- **Source material**
───
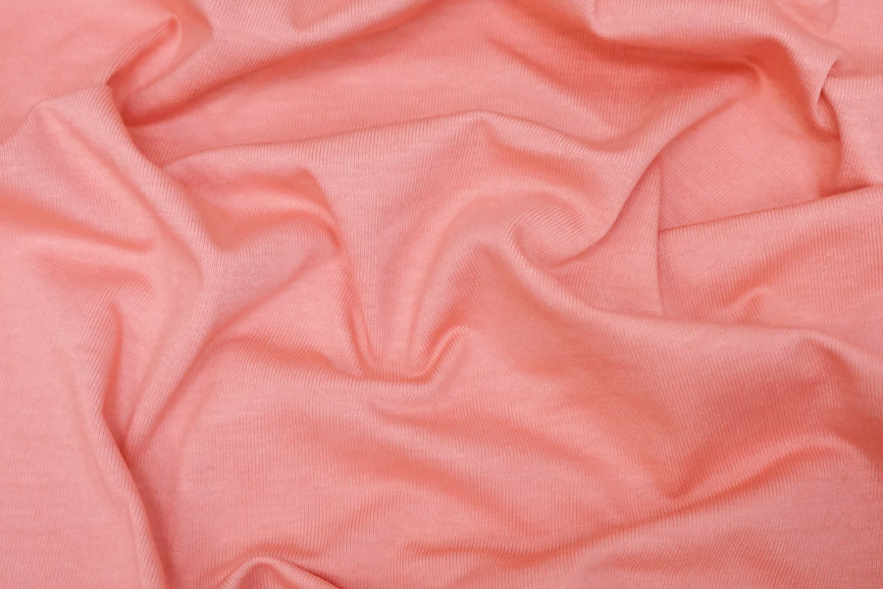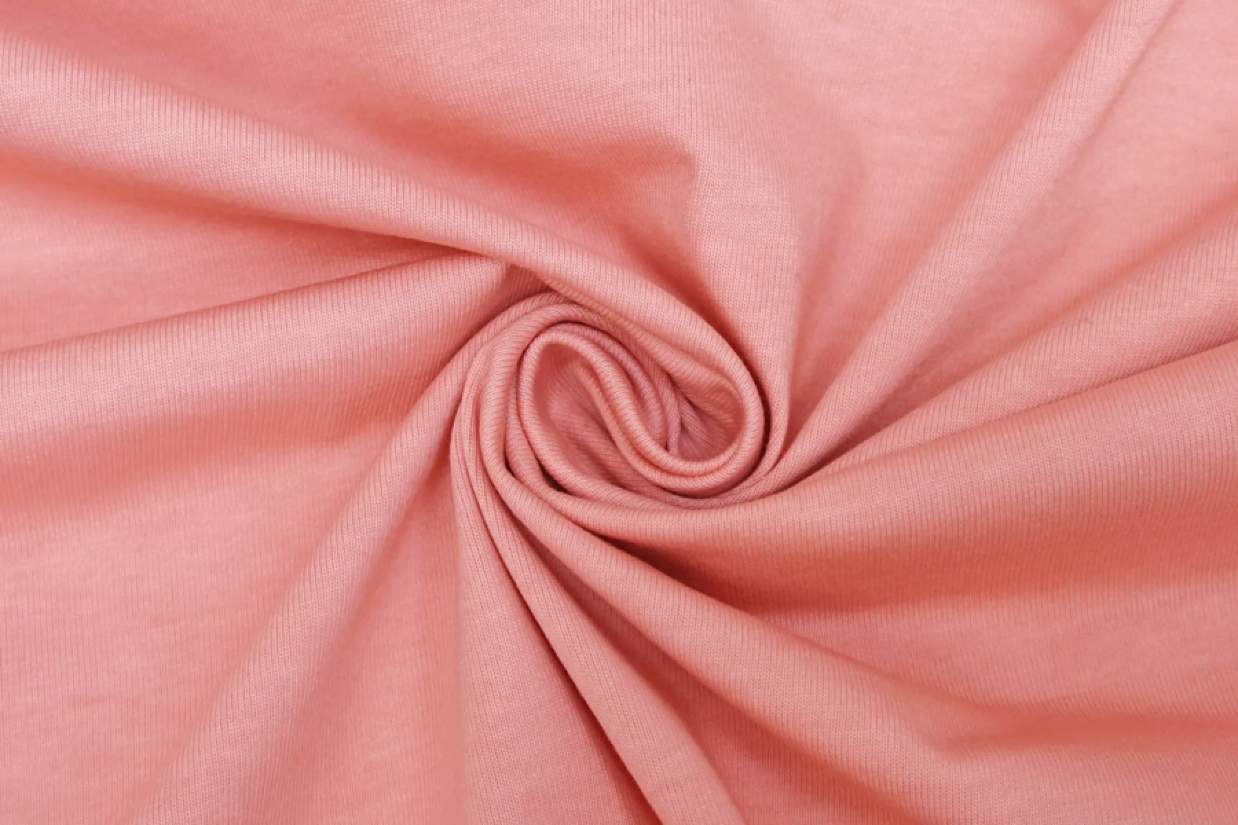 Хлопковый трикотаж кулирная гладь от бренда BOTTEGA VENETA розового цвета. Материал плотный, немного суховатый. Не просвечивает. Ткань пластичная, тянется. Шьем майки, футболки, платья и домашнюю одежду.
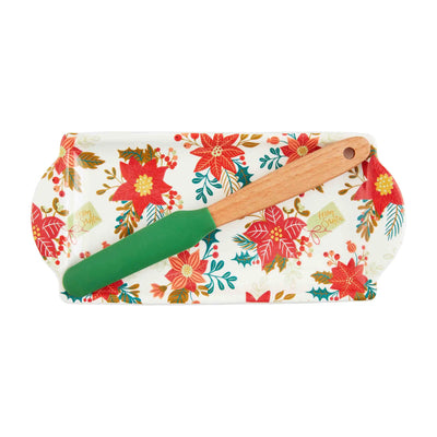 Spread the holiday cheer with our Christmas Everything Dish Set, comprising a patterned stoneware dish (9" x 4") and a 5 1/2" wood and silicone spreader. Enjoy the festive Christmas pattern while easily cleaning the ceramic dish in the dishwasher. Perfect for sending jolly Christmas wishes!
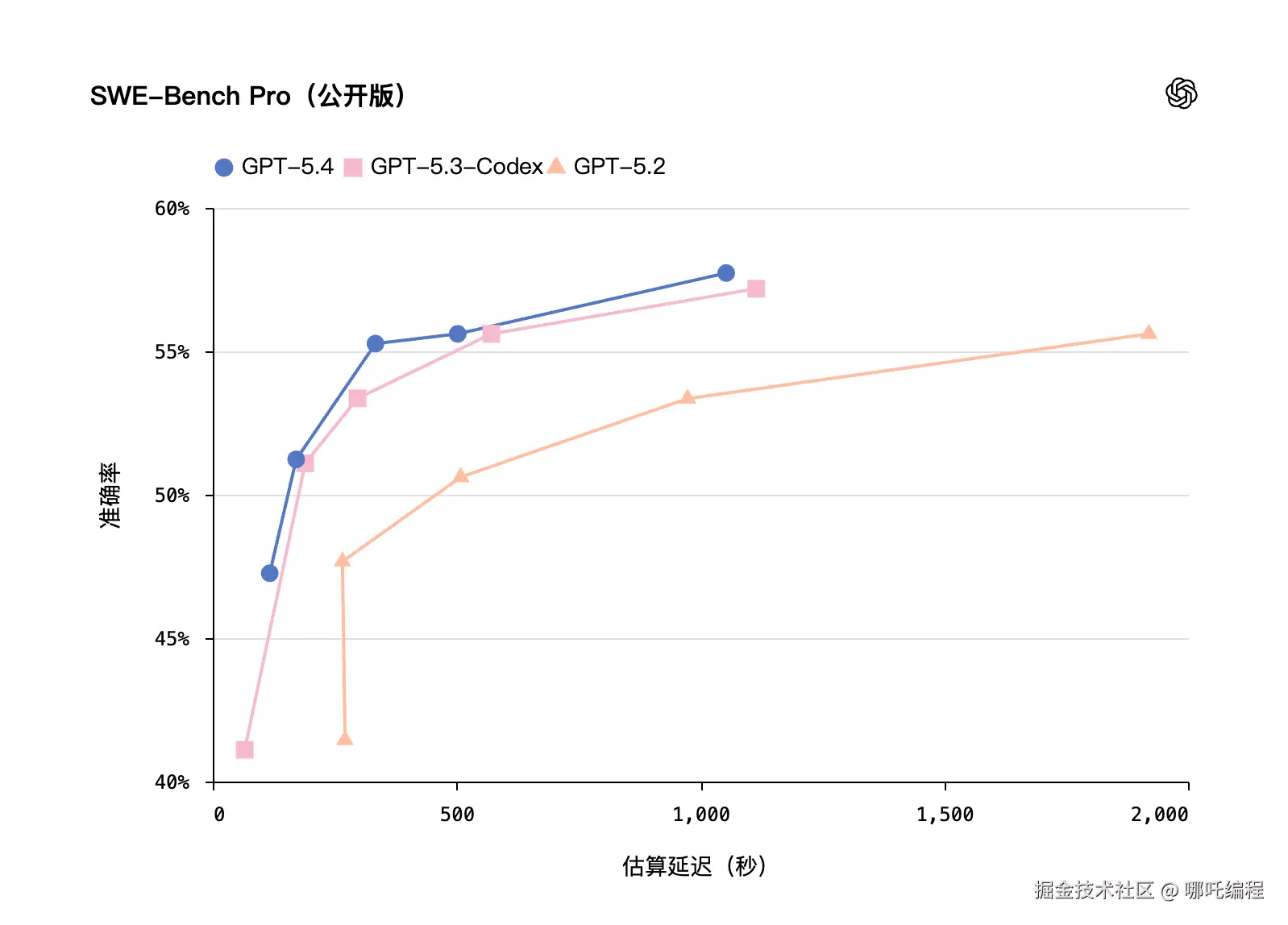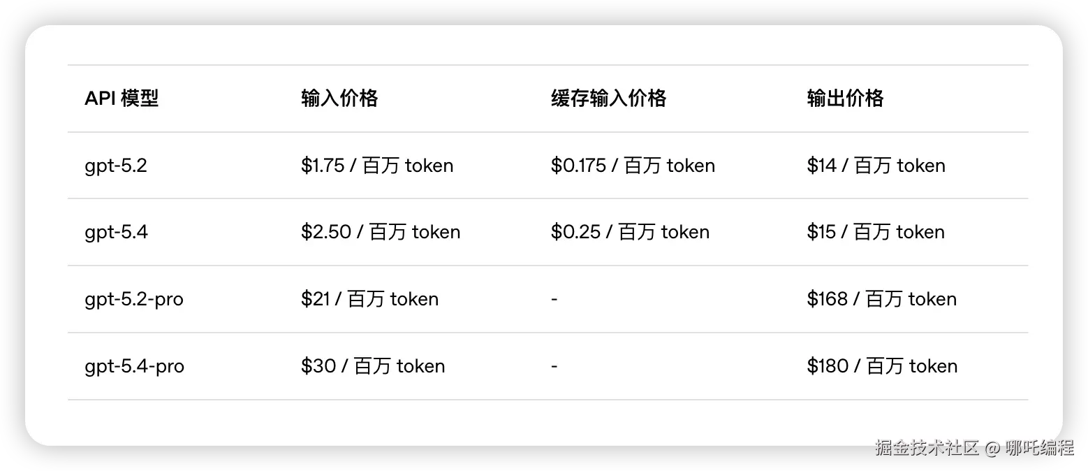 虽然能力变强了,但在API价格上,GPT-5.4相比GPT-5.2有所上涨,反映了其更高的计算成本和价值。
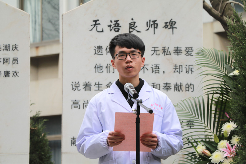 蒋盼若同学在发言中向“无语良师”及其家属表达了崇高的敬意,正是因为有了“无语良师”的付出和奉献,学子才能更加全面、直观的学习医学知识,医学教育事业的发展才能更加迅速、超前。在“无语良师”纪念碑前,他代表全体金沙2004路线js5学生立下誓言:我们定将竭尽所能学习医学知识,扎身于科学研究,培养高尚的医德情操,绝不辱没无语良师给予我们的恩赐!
───
- **Goal of the exercise**
Pictures aside, transcribe exactly the lines from the line containing "虽然能力变强了,但在API价" through the final line of the material above.

- **Written answer**
 虽然能力变强了,但在API价格上,GPT-5.4相比GPT-5.2有所上涨,反映了其更高的计算成本和价值。
 蒋盼若同学在发言中向“无语良师”及其家属表达了崇高的敬意,正是因为有了“无语良师”的付出和奉献,学子才能更加全面、直观的学习医学知识,医学教育事业的发展才能更加迅速、超前。在“无语良师”纪念碑前,他代表全体金沙2004路线js5学生立下誓言:我们定将竭尽所能学习医学知识,扎身于科学研究,培养高尚的医德情操,绝不辱没无语良师给予我们的恩赐!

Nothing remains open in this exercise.